Iowa’s Caucus night ends with no results, what does that mean for SC voters?

Politics Explained: How you should watch the result from the Iowa Caucus

COLUMBIA, S.C. (WIS) - On Monday, Iowa voters cast the first votes of the 2020 election. Instead, caucus day ended with no winner, no official results and many questions about what happened.

However, at the end of the month democratic presidential candidates will face their first test in the south.

South Carolina is more diverse, larger and has a different way of voting than Iowa, but there are still lessons both states can learn from the other.

“This is the starting gate, so it's really important that people start well,” said Gray TV Chief Political Analyst Greta Van Susteren. However, Van Susteren added, “Just because they start well doesn't mean they will win in the end.”

Van Susteren said she is finding many Iowa Democrats, like those in South Carolina, are preoccupied with choosing a candidate who can defeat President Donald Trump in November.

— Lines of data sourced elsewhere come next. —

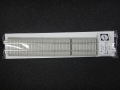 この道床は切断加工され7分割されています。必ず使う両端部の長さはそれぞれ50mmで、この部分だけをそのままつなげれば最短100mm長レールとなり、中間部の5個は20~35mmの間でそれぞれ長さを違えてあるので、組み合わせて中間に入れれば、おおよそ必要な長さのレールをまかなえると思います。堅牢な道床ですが、材質は比較的柔らかく、加工は容易です。余ったレールを糸の子かニッパーなどで切断し、道床裏面のレール取り付け部に瞬間接着剤を流して固着します。
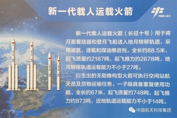 据官方资料,长征十号载人火箭将用于将月面着陆器、登月飞船送入地月转移轨道,液氧液氢煤油推进剂,全长约88.5米,起飞质量约2187吨,起飞推力约2678吨,地月转移轨道运载能力不低于27吨。
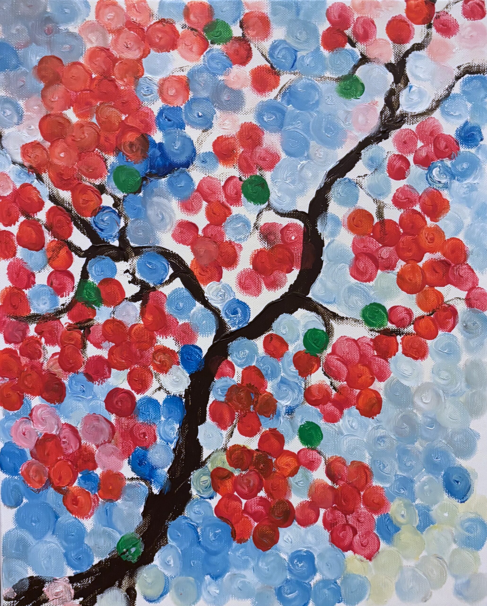 Titre : Bunga merah Technique : Acrylique sur toile Dimensions : 33x46cm
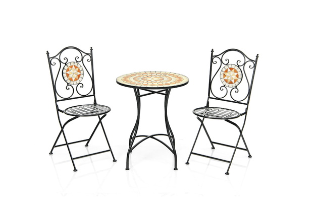 Okrągły stół ogrodowy i krzesła z mozaiką, Costway. Mozaika przypomina klimat śródziemnomorskich miasteczek, a klasyczna forma wykonania nawiązuje stylem do paryskich kafejek. Krzesła są poręczne i lekkie, a jednocześnie solidne i wytrzymałe. Zestaw jest łatwy w montażu jak i czyszczeniu.
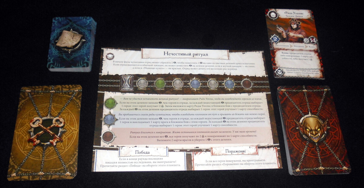 И сразу, чтобы подтвердить необходимость разведчика в команде, целительница Ашриан, решившая докинуть недостающих жетонов для исследования Сожжённой деревни, достаёт из колоды пакостную "Задержку". Но, благо, жетонов всё равно хватает для того чтобы пройти в следующую локацию.
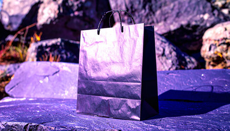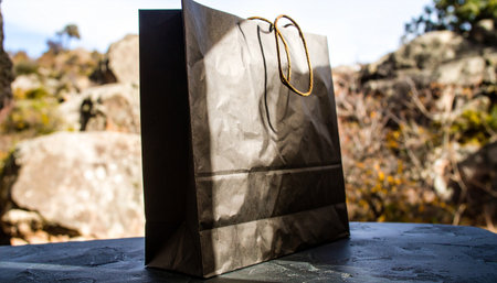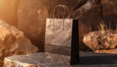 black kraft paper shopping bag with flat bottom and twisted handles, standing on dark textured stone surface, natural side light
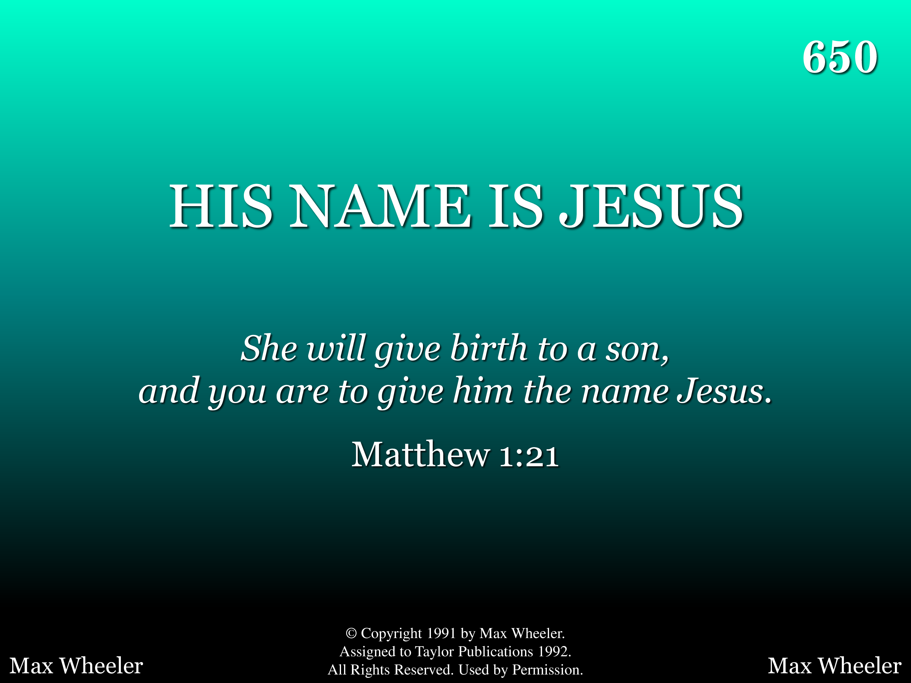 - Copyright © 1991 Max Wheeler. Assigned to Taylor Publications. (Admin. by Taylor Publications.) All Rights Reserved. Used by Permission.
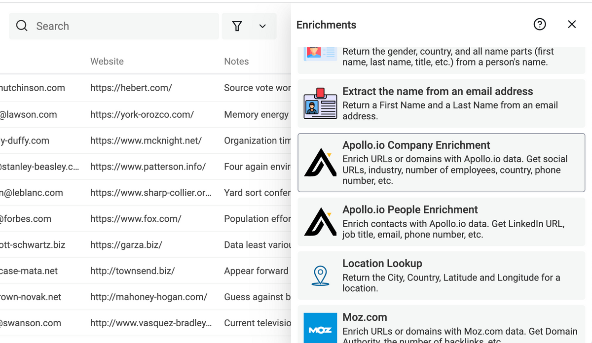 In addition to the Apollo.io People Enrichment, Datablist now has an enrichment for company data using the Apollo.io API.
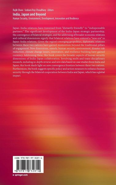 Japan-India relations have traversed from "distantly friendly" to "indispensable partners." The significant development of the India-Japan strategic partnership, the convergence of bilateral strategies, and the addressing of broader economic relations and cultural dimensions signify that bilateral relations have entered a "new era" in Japan-India relations. Given the region's emerging geopolitics, diplomatic relations between these two nations have gained momentum beyond the traditional pillars of engagement. New dimensions, namely, human security, environment, disaster risk reduction, climate change issues, innovation, and resilience building have gained currency. Addressing these, this book covers the broader aspects of human security dimensions of India-Japan collaboration. Involving multi and trans-disciplinary research, including in-depth reviews and new data based on case studies from India and Japan, this book sheds light on new convergence frontiers between these twonations. Furthermore, the book suggests specific policy and action measures to enhance human security through the bilateral cooperation between India and Japan, which has a global impact.
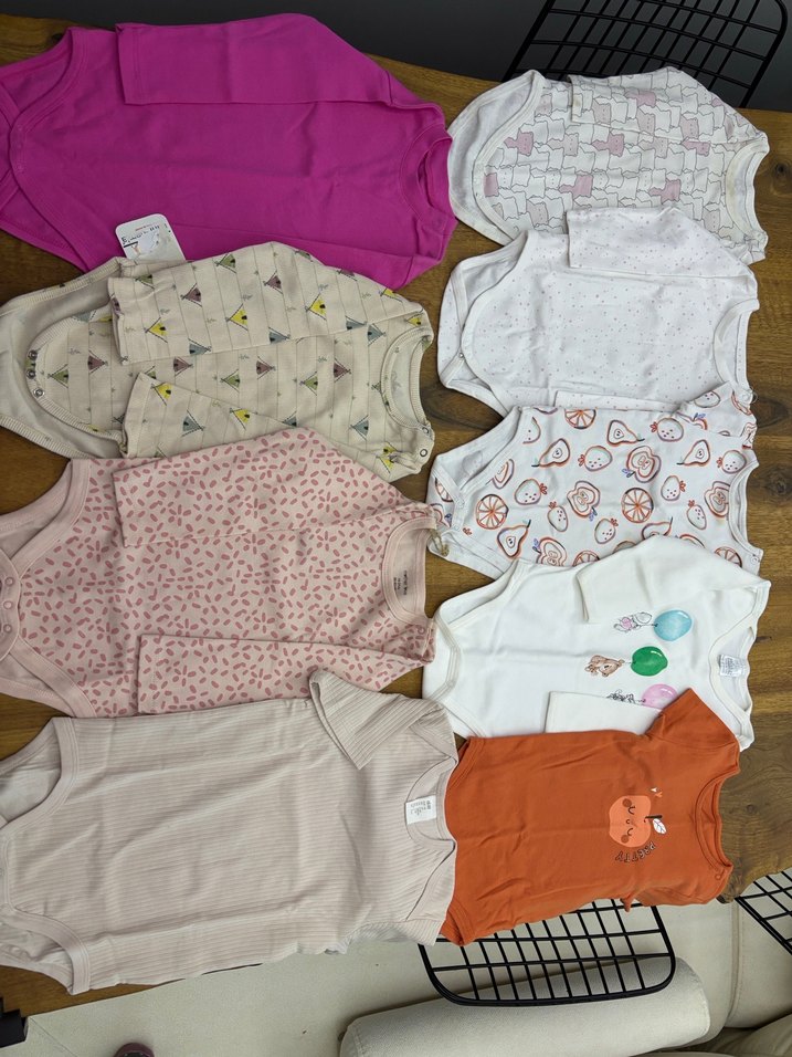 Üsttekiler sağdan 2. Beyaz hariç diğerleri kullanılmıştır. Çok iyi durumdadır. Bi kaç hafif keke vardır o kadar fotoğraflardan bakabilirsiniz. Alt kısımda olanlar hiç kullanılmamıştır. 12-18 ve 18-24 vardır.1 tane sonda 3 yaş vardır.Farklı markalardır. 9 adettir.
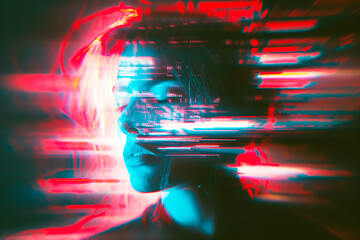 A person with digital glitch effects, artistic style, on a red and blue background, concept of digital identity. Generative AI
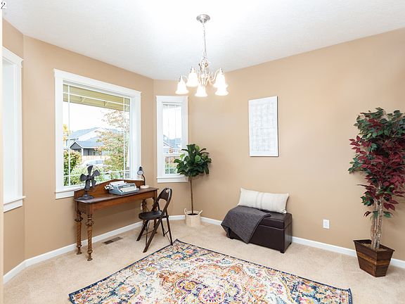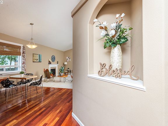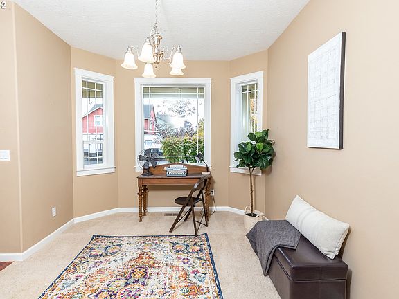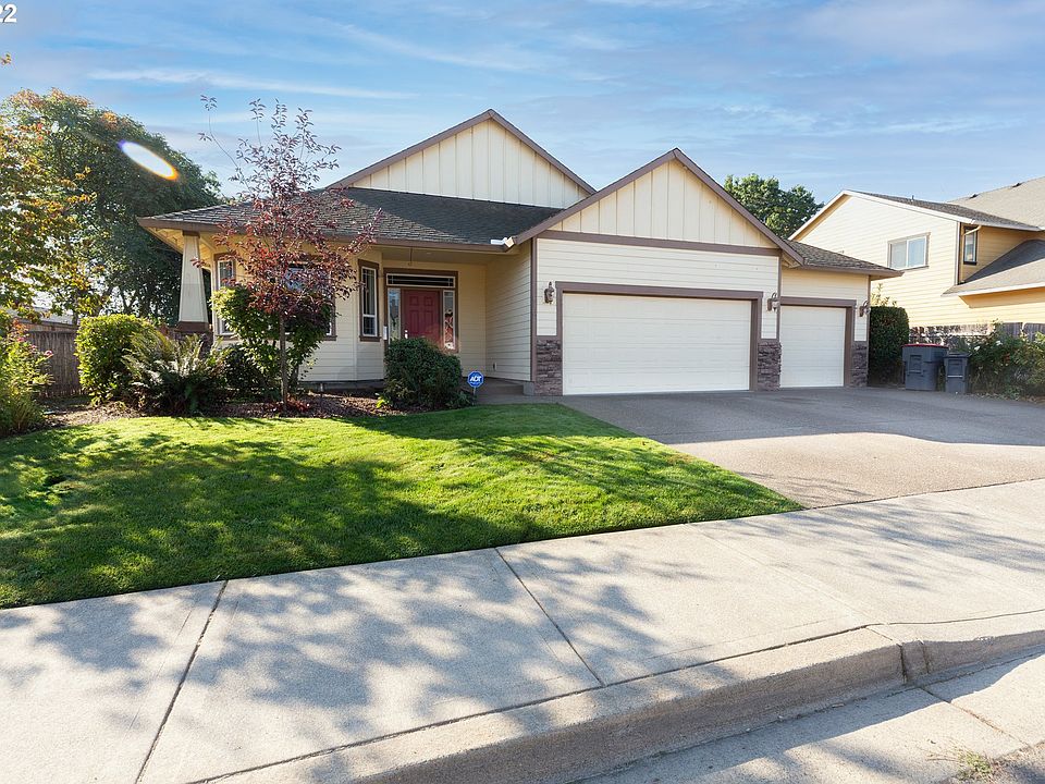 This beautiful home is located on a quiet street in the charming town of Carlton. Cherry floors and stainless steel appliances make the hard wood cabinets pop. Vaulted ceilings throughout create open and bright living spaces. Huge 3 car garge. Yard has mature landscape and nice concrete work. Custom awning protects patio from sun for morning and evening enjoyment. The work shed in the back is large enough for your projects and storage!
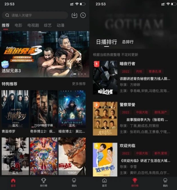 打开应用后,底部菜单栏仅三个选项:首页、排行榜、我的,界面极简。
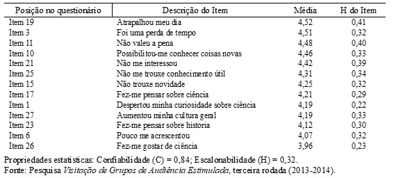 Uma análise de conteúdo dos itens da primeira escala mostrou que a maioria deles se referia a aspectos sociais da visitação com alguns itens de aspecto cognitivo entre eles. Por outro lado, a segunda escala ficou constituída quase exclusivamente por itens descrevendo aspectos cognitivos da visitação. Esse resultado sugere que os itens podem ser reagrupados nas duas dimensões principais do empoderamento como já havia sido reconhecido na análise da segunda rodada.
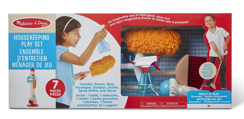 Cet ensemble de nettoyage de 7 pièces est le moyen idéal de transformer les tâches ménagères en jeux domestiques ! De taille adaptée aux enfants et conçus pour durer, le balai, la serpillière, le plumeau, la pelle à poussière, la raclette et le flacon pulvérisateur sont confortables à utiliser et faciles à ranger. Il suffit de les suspendre à l'aide des cordons robustes sur le support en bois inclus pour un rangement propre et compact. (Les poignées en bois naturel ajoutent de la durabilité et un aspect classique, tandis que les couleurs vives ajoutent de la gaieté à l'ensemble ! Les enfants de trois ans et plus adoreront garder les choses propres et ordonnées tout en s'amusant ! - Ensemble de nettoyage 7 pièces pour jouer à faire semblant de faire le ménage - Comprend un balai, une serpillière et un plumeau en bois massif, une pelle à poussière durable, une raclette et un flacon pulvérisateur. - Les pièces sont suspendues sur un support en bois solide. - Compétences en jeu : mouvement, développement sensoriel - 3 ans et plus
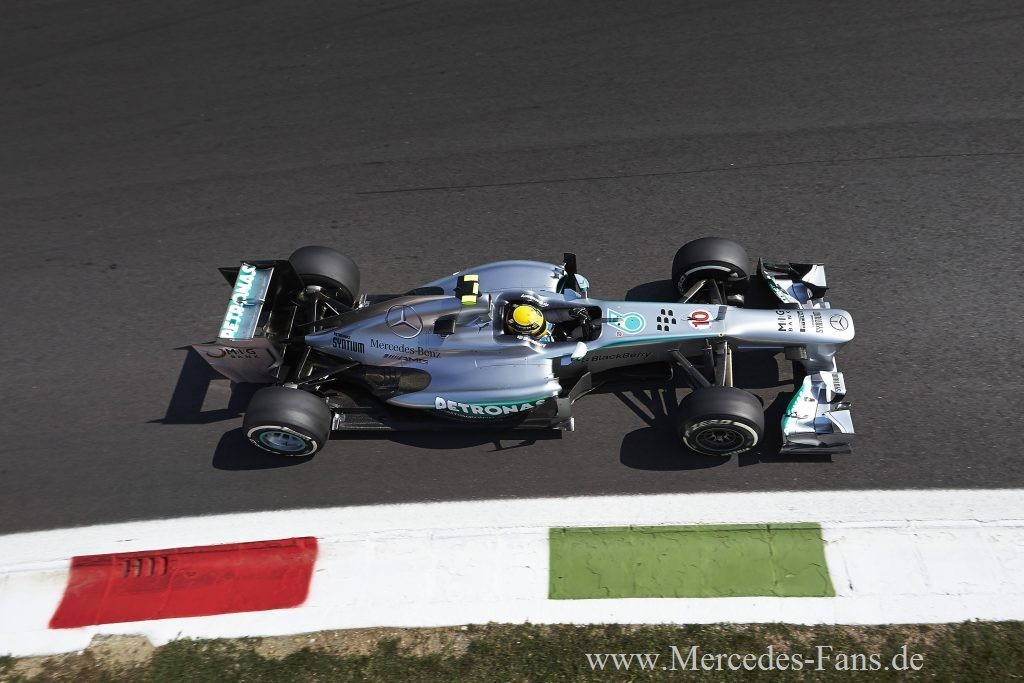 Die Mercedes-Werksfahrer Nico Rosberg und Lewis Hamilton beendeten den Großen Preis von Italien in Monza auf den Positionen sechs und neun. Hamilton hatte auf seinem ersten Satz Prime-Reifen einen schleichenden Plattfuß vorne rechts und musste in Folge dessen in Runde 13 vorzeitig an die Box kommen. Nicos Boxenstopp war mit einer Gesamtdurchfahrtszeit von 24.079 Sekunden der schnellste des Rennens. "Wir hatten heute ein sehr schnelles Auto und somit war...,
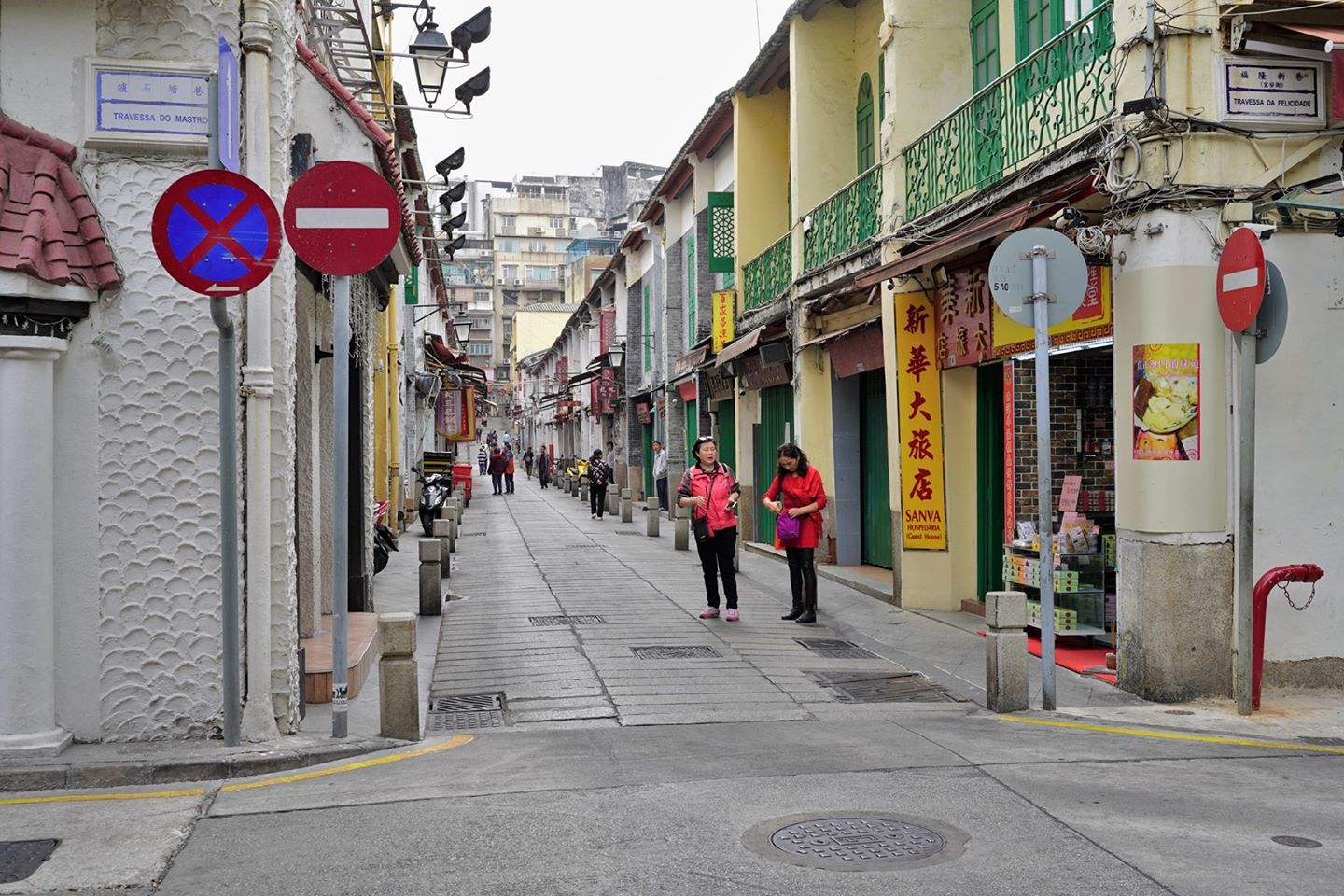Em frente, é a Travessa do Mastro, vista a partir da Travessa da Felicidade. A via que intersecta com as referidas travessas é a Rua da Felicidade. O estabelecimento pintado na cor bege é o Restaurante Fat Siu Lau. Foto MV Basílio
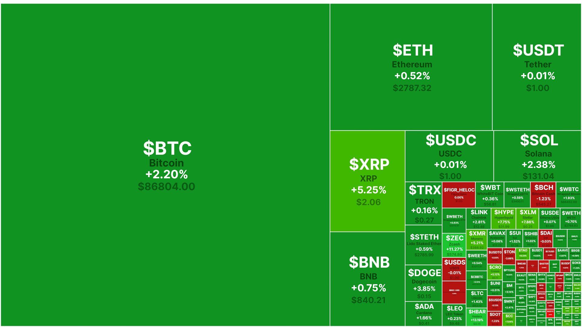 Through Saturday and Sunday, BTC pushed back above 87K, ETH steadied, and even beaten-down alts bounced.
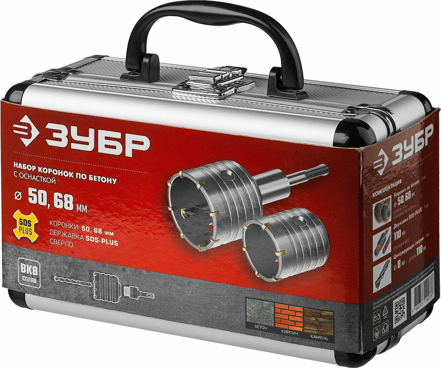| Доп. наименование Водопад | Набор коронок по бетону с оснасткой Зубр 29211-H2 Ø 50, 68 мм |
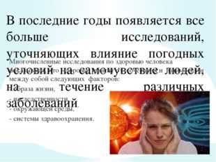 В последние годы появляется все больше исследований, уточняющих влияние погодных условий на самочувствие людей, на течение различных заболеваний. Многочисленные исследования по здоровью человека показывают, что здоровье зависит от сочетания и взаимосвязи между собой следующих факторов: - образа жизни, - наследственности, - окружающей среды, - системы здравоохранения.
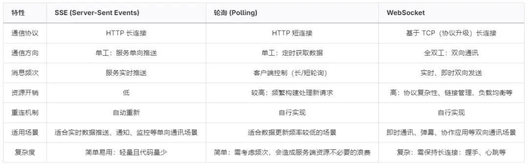 目前市面上很多服务端推送的技术解决方案:SSE、轮询/串行、Websocket 等,我们从易用性,资源开销,使用场景等多维度对比了几个使用较多的主流方案,最终选择了 SSE。

Over the weekend, the Democratic hopefuls centered their closing arguments in Iowa on just that point. Massachusetts Senator Elizabeth Warren told a crowd, “We all have one goal, and we better come together to meet that goal: We are going to beat Donald Trump!" Former Vice President Joe Biden said he wants to give Mr. Trump a nickname, “Former President.” And, Former Mayor Pete Buttigieg told crowds he wants to attract what he calls, “former future Republicans.”

RELATED STORY: In embarrassing twist, Democrats have no Iowa caucus results

But in order to win the election, candidates need the support of African-American voters, according to University of South Carolina Political Science Professor Bob Oldendick, a Democratic. And in South Carolina, African-Americans make up the majority of Democratic voters.

In 2016, 61 percent of Democratic voters in South Carolina were African- American. However, in Iowa just 3 percent of 2016 Democratic caucus voters were African-American. Therefore, South Carolina is more similar to the Democratic Party, which is 39 percent non-white, according to Pew Research.

But while Iowans will have their eyes on candidates’ potential appeal in South Carolina, according to Van Susteren, South Carolinians’ votes will also be informed by what happens in Iowa.

“You have more notoriety [if you win in Iowa], and more people think you have a viable candidacy. And money does really drive this,” said Gray’s Chief Political Analyst.

And these factors can influence undecided voters in South Carolina.

In a recent Post and Courier/Change Research poll, only half of S.C. primary voters said they were sure who they’d be voting for at the end of February. And the race is getting tighter according to that poll. Biden, who was once winning the race by 31 percentage points, is now only leading by 5 in South Carolina.

Therefore, there’s a large pool of voters in South Carolina who can potentially be influenced by one of the many reactions to the Iowa Caucus. But, just because the Palmetto State isn’t the first, doesn’t mean we were not a part of voter’s considerations.

The South Carolina primary is Saturday, February 29th.